== ABOUT THIS EXERCISE ==
Look below for the line with "В Запорожской области"; begin the copy there and stop after the line with "There were three scheduled", keeping the text exact and the pictures out.

== INPUT FOR THIS TASK ==
::::::::

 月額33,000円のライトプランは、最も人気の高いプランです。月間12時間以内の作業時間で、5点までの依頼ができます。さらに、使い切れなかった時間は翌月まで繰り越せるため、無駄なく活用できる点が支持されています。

::::::::

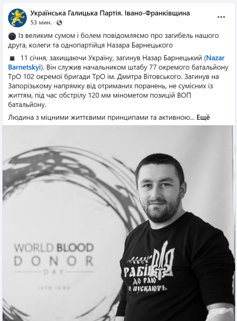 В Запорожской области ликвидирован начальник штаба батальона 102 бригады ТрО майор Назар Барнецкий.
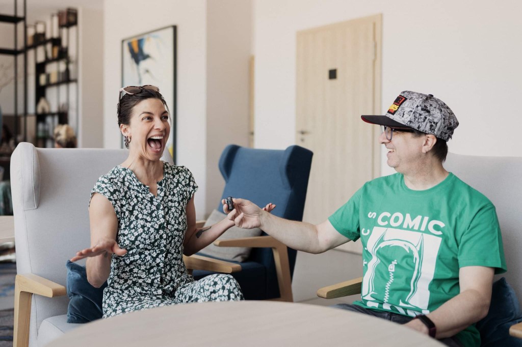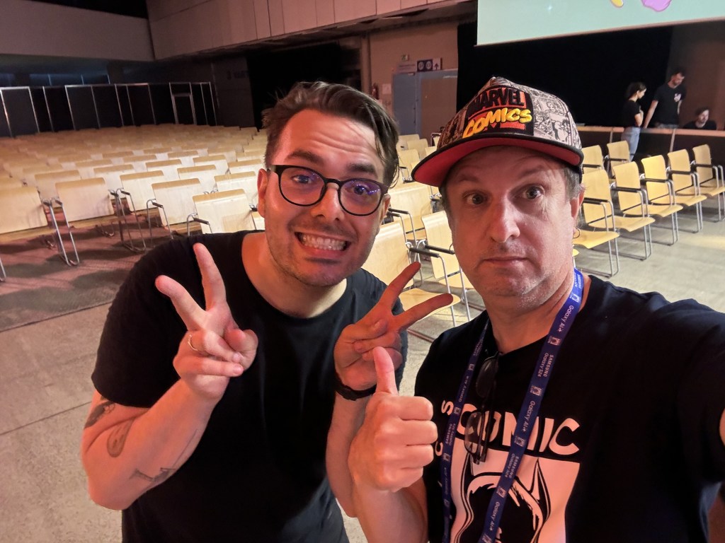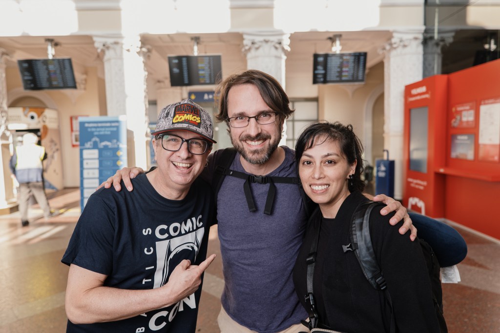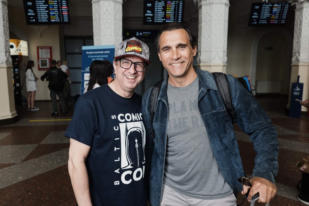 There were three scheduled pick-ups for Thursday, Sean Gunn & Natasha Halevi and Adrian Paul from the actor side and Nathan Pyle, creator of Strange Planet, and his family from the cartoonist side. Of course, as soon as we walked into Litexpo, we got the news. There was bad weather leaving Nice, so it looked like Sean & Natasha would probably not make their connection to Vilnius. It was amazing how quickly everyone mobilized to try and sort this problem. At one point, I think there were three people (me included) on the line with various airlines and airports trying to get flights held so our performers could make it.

::::::::

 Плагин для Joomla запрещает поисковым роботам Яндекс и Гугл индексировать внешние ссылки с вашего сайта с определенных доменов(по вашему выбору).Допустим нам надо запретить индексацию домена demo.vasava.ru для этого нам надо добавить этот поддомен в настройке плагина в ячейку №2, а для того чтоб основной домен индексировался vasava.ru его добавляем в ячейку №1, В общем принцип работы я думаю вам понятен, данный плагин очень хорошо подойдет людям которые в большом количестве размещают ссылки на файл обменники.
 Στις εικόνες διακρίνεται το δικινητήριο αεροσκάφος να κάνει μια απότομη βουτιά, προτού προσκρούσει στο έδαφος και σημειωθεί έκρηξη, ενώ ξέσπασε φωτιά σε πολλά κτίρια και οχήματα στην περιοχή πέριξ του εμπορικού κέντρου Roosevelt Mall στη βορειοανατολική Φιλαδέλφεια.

::::::::

== TASK RESULT ==
 В Запорожской области ликвидирован начальник штаба батальона 102 бригады ТрО майор Назар Барнецкий.
 There were three scheduled pick-ups for Thursday, Sean Gunn & Natasha Halevi and Adrian Paul from the actor side and Nathan Pyle, creator of Strange Planet, and his family from the cartoonist side. Of course, as soon as we walked into Litexpo, we got the news. There was bad weather leaving Nice, so it looked like Sean & Natasha would probably not make their connection to Vilnius. It was amazing how quickly everyone mobilized to try and sort this problem. At one point, I think there were three people (me included) on the line with various airlines and airports trying to get flights held so our performers could make it.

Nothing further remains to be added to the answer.